When the MDS-UPDRS Part III data for the subpopulation with REM sleep behavior disorder were analyzed with the treatment policy, the differences in adjusted means in OFF state and ON state were −1.21 points (80% CI, −3.92, 1.49; RR, −22.2%) and −0.04 points (80% CI, −2.80, 2.71; RR, −1.1%), respectively (Supplementary Table 2).

The mean changes (s.e.) (with the hypothetical strategy) from baseline to week 52 in MDS-UPDRS Part II score in the placebo groups of the subpopulations with and without REM sleep behavior disorder were 2.19 (0.86) and 2.82 (0.42) points, respectively, and the corresponding values for MDS-UPDRS Part I score were 1.28 (0.60) and 0.69 (0.34) points, respectively (Supplementary Table 2). No differences were found between the prasinezumab and the placebo groups on MDS-UPDRS Part II and Part I, using either the hypothetical strategy or treatment policy (Supplementary Table 2).
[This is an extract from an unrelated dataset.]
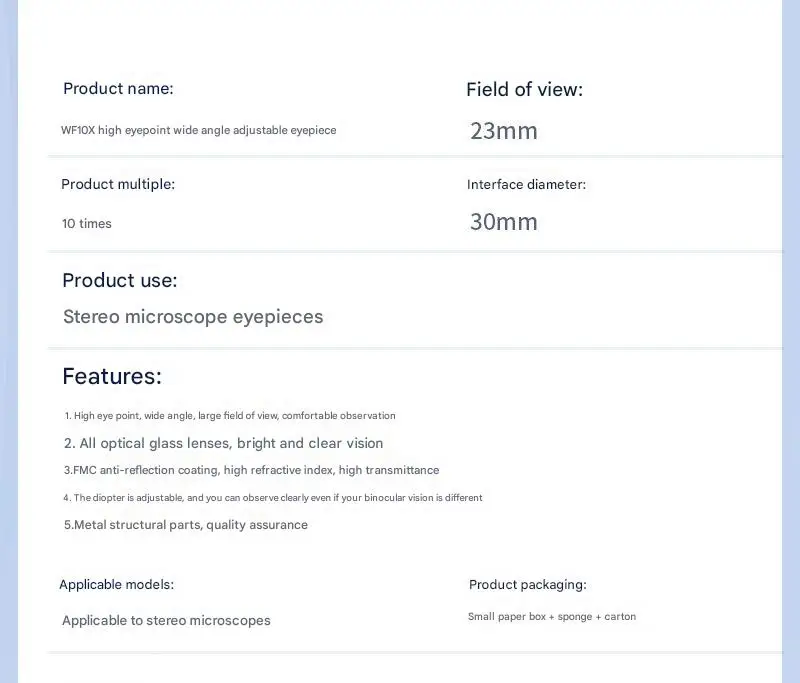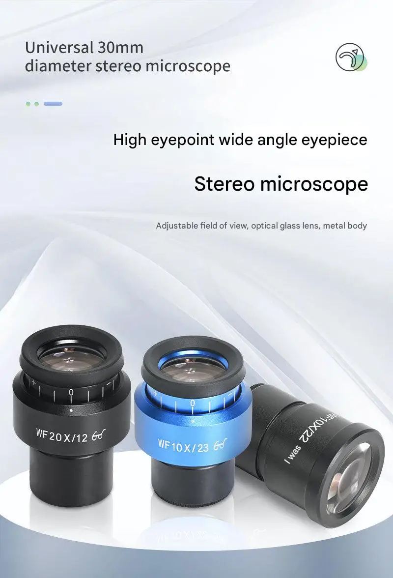1PCS Stereo Microscope Eyepiece WF10X High-Eyepoint Diopter Adjustable Wide-Field Field of View 23mm Interface Diameter 30mm

Participants with diffuse and nondiffuse malignant phenotypes

With the hypothetical strategy, the mean change (s.e.) from baseline to week 52 in MDS-UPDRS Part III score in the placebo group of the diffuse malignant subpopulation was 12.29 (3.45) points, compared with 4.76 (0.91) points in the placebo group of the nondiffuse malignant subpopulation (Fig. 1 and Supplementary Table 2). The differences in adjusted means from baseline at week 52 in the prasinezumab group versus placebo were −7.86 points (80% CI, −12.90, −2.82; RR, −64.0%) in the diffuse malignant subpopulation and −0.77 points (80% CI, −2.20, 0.66; RR, −16.2%) in the nondiffuse malignant subpopulation (Fig. 1 and Supplementary Table 2).

When the MDS-UPDRS Part III data for the diffuse malignant subpopulation were analyzed with the treatment policy, the differences in adjusted means in OFF state and ON state were −2.58 points (80% CI, −6.18, 1.02; RR, −49.9%) and −2.76 points (80% CI, −6.67, 1.15; RR, −72.4%), respectively (Supplementary Table 2).
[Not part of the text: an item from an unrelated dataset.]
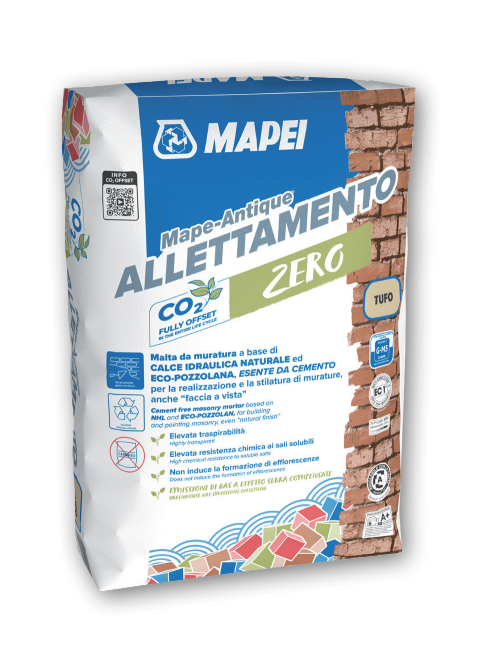 Mape-Antique Allettamento is a salt-resistant masonry mortar, made from natural hydraulic lime and Eco-Pozzolan, for installation layers and pointing on “natural finish” masonry.

The mean changes (s.e.) (with the hypothetical strategy) from baseline to week 52 in MDS-UPDRS Part II score in the placebo groups of the diffuse malignant and nondiffuse malignant subpopulations were 4.08 (1.53) and 2.47 (0.37) points, respectively, and the corresponding values for MDS-UPDRS Part I score were 1.59 (1.13) and 0.76 (0.29) points, respectively (Supplementary Table 2). No differences were found between the prasinezumab and the placebo groups on MDS-UPDRS Part II and Part I, using either the hypothetical strategy or treatment policy (Supplementary Table 2).
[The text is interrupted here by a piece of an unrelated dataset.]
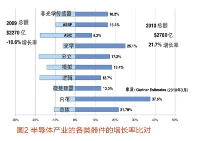 Gartner公司調(diào)查總監(jiān)Stephan Ohr從宏觀上分析了MEMS的增長態(tài)勢。Gartner把MEMS分為光學和非光學兩大類。光學MEMS如TI公司的DLP(數(shù)字投影芯片)。非光學MEMS傳感器年增長率16.2%(圖2),2010年市場容量會突破30億美元,有望達到31億美元;2009年為28億美元。其中,汽車應用仍然保持非光學傳感器的第一位,占2009年總應用中的60%以上;但是數(shù)據(jù)處理和通信應用增長最快,數(shù)據(jù)處理包括硬盤的G-Force(重力)傳感器,通信中包括手機的可旋轉(zhuǎn)(rational)的傳感和基于位置的服務。

Participants in the prespecified exploratory subpopulations

A greater beneficial effect for prasinezumab versus placebo was also shown in all prespecified exploratory subpopulations with more rapidly progressing disease compared with their nonrapidly progressing counterparts (Supplementary Fig. 1 and Supplementary Table 2); for example, the differences in adjusted means in MDS-UPDRS Part III scores (with the hypothetical strategy) for pooled prasinezumab versus placebo in participants with age at baseline ≥60 years and <60 years were −1.89 points (80% CI, −3.90, 0.12; RR, −26.9%) and −0.61 points (80% CI, −2.58, 1.36; RR, −15.9%), respectively (Supplementary Fig. 1 and Supplementary Table 2). Results from the groups receiving low and high doses of prasinezumab were comparable for the exploratory as well as the primary subpopulations (Supplementary Tables 3 and 4).

Sensitivity analyses

At baseline, the subpopulations might have differences in baseline characteristics (for example, participants treated with MAO-B inhibitors had a longer disease duration, lower DaT-SPECT SBR and different proportions of patients with Hoehn and Yahr stage 1 and 2 compared with the treatment-naive population, whereas the MDS-UPDRS Parts I, II and III scores were comparable) (Table 1). Therefore, the primary analyses were repeated for all subpopulations including all baseline characteristics as covariates. These analyses resulted in the same pattern of results as the primary analyses (results not shown).